Begin at the first line of the records below and, please, give each line again exactly until the line with "Add color to" is included.

- - -

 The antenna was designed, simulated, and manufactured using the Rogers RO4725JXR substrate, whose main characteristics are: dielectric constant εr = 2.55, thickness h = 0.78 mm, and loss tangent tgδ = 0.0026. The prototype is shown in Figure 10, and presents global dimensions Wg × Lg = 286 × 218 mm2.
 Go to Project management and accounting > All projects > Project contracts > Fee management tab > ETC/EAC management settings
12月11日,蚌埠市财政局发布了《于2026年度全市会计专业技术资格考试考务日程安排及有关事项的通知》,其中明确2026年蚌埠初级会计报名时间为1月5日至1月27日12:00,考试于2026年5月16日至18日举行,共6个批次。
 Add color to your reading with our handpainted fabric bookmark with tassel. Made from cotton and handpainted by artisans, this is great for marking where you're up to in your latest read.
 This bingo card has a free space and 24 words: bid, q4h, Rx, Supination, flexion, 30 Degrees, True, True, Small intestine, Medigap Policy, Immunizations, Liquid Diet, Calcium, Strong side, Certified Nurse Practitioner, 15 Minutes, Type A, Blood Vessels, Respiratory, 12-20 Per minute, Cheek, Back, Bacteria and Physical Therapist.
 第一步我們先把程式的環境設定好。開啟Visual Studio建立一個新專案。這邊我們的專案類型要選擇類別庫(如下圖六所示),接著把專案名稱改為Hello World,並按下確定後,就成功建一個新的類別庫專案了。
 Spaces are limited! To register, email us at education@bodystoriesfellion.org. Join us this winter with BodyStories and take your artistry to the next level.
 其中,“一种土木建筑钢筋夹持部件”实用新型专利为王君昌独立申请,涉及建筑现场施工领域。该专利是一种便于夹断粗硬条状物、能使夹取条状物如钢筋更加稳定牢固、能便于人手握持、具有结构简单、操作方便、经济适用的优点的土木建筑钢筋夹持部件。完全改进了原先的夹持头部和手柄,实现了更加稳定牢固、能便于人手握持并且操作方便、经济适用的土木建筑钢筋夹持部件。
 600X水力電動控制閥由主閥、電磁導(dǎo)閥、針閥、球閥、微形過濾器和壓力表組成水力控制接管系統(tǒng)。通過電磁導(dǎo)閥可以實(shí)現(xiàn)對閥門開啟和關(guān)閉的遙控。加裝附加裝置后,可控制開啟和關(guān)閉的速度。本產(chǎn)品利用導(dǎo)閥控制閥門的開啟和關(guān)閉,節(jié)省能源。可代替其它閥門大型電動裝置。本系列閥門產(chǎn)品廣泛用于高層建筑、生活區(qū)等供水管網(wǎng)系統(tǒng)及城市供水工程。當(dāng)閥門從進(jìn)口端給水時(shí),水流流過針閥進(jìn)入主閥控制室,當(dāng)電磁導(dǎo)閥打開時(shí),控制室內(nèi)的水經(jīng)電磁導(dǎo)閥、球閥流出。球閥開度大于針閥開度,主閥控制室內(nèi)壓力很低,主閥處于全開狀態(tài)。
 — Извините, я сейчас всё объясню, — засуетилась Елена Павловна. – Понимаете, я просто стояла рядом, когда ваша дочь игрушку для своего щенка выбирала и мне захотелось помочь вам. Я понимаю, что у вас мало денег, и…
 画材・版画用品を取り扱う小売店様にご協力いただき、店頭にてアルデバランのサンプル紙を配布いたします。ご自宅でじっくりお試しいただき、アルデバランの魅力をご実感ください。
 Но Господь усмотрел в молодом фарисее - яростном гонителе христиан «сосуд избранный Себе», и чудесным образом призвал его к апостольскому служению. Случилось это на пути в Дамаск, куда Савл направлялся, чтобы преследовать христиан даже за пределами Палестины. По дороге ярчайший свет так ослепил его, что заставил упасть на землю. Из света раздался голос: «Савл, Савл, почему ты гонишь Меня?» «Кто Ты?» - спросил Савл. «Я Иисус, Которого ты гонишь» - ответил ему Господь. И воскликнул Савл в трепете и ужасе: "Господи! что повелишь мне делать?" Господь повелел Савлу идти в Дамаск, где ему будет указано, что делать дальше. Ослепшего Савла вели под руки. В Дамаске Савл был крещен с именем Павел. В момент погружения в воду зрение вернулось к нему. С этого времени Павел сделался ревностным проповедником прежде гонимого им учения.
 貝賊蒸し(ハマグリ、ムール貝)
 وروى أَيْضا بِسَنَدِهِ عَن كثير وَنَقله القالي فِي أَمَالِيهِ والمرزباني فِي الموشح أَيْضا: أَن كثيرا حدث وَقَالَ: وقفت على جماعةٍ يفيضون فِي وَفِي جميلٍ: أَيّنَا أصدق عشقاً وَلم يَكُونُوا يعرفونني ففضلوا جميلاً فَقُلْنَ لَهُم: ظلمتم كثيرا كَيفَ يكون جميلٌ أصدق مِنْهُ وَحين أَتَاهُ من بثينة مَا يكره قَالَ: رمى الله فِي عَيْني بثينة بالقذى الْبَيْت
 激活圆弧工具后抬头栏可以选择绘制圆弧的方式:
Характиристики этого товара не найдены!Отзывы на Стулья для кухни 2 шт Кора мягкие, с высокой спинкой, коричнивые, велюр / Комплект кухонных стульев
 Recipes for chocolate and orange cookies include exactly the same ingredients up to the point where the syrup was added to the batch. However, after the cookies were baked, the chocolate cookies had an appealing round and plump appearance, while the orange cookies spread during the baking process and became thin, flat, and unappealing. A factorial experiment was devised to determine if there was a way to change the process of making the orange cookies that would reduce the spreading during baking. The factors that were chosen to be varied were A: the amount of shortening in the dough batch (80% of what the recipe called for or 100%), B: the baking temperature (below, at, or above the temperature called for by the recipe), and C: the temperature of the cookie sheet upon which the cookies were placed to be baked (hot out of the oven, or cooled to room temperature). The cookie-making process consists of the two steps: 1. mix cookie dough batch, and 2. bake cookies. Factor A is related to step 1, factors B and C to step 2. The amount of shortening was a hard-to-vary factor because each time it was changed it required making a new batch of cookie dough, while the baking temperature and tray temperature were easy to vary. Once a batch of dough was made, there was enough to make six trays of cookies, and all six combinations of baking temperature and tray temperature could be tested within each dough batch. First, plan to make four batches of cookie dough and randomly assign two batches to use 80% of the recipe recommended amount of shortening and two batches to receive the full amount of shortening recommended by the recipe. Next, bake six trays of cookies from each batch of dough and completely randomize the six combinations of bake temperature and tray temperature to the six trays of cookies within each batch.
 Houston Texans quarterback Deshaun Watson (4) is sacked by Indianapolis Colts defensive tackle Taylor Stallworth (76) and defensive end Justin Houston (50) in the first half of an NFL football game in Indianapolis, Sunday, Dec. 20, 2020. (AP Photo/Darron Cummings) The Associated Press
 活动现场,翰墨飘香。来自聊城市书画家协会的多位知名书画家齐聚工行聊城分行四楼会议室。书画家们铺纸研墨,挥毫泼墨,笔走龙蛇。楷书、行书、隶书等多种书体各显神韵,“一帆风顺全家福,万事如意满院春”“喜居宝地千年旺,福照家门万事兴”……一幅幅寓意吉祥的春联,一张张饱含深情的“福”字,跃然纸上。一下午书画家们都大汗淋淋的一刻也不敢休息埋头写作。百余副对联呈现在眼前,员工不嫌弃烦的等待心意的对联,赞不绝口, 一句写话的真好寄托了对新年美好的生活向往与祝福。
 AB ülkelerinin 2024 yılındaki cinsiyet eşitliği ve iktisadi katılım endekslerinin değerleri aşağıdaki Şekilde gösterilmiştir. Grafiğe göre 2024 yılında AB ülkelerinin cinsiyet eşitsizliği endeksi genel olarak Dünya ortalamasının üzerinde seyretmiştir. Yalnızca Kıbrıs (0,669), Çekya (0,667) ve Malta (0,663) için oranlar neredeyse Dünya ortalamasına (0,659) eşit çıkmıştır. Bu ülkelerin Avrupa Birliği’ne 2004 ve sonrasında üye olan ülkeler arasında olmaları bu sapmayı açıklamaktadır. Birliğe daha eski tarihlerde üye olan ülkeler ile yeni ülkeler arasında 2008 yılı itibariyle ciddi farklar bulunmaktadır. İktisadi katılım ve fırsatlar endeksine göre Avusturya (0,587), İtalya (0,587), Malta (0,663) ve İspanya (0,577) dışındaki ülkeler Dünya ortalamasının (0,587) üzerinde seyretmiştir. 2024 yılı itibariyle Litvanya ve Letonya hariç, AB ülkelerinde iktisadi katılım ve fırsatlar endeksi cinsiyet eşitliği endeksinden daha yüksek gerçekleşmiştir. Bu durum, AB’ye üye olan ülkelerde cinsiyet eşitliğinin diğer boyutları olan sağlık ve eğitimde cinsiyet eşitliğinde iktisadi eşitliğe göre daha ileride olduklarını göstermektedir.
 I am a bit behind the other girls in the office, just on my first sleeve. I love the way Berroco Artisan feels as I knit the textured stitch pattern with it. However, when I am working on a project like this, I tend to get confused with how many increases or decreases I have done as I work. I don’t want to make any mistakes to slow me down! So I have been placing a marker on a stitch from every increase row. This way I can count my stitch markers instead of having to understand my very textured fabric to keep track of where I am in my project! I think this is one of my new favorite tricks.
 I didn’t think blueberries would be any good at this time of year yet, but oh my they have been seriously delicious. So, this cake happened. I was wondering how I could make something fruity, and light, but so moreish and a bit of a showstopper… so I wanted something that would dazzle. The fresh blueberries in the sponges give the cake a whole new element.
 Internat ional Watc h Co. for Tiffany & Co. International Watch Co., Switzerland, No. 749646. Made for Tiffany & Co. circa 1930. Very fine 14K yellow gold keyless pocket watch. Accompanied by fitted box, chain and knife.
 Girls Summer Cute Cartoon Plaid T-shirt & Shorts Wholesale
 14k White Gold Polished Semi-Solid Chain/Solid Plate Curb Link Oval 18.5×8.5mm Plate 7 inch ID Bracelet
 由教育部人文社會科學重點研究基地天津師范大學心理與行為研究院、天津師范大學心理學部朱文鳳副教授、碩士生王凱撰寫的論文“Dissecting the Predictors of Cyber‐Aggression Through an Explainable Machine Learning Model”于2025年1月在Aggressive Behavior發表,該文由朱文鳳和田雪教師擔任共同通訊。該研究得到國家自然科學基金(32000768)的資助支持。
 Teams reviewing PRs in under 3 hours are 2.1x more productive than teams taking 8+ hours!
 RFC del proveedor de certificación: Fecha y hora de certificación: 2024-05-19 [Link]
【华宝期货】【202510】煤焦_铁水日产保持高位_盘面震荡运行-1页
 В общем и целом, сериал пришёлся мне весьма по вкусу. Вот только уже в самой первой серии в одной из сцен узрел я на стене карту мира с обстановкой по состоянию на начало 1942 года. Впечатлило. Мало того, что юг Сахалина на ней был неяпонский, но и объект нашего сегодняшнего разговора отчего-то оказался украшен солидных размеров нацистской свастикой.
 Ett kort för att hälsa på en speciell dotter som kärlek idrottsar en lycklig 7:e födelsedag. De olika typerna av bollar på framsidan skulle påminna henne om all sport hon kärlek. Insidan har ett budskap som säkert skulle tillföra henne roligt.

- - -

**SOLUTION TO THIS EXERCISE:**
 The antenna was designed, simulated, and manufactured using the Rogers RO4725JXR substrate, whose main characteristics are: dielectric constant εr = 2.55, thickness h = 0.78 mm, and loss tangent tgδ = 0.0026. The prototype is shown in Figure 10, and presents global dimensions Wg × Lg = 286 × 218 mm2.
 Go to Project management and accounting > All projects > Project contracts > Fee management tab > ETC/EAC management settings
12月11日,蚌埠市财政局发布了《于2026年度全市会计专业技术资格考试考务日程安排及有关事项的通知》,其中明确2026年蚌埠初级会计报名时间为1月5日至1月27日12:00,考试于2026年5月16日至18日举行,共6个批次。
 Add color to your reading with our handpainted fabric bookmark with tassel. Made from cotton and handpainted by artisans, this is great for marking where you're up to in your latest read.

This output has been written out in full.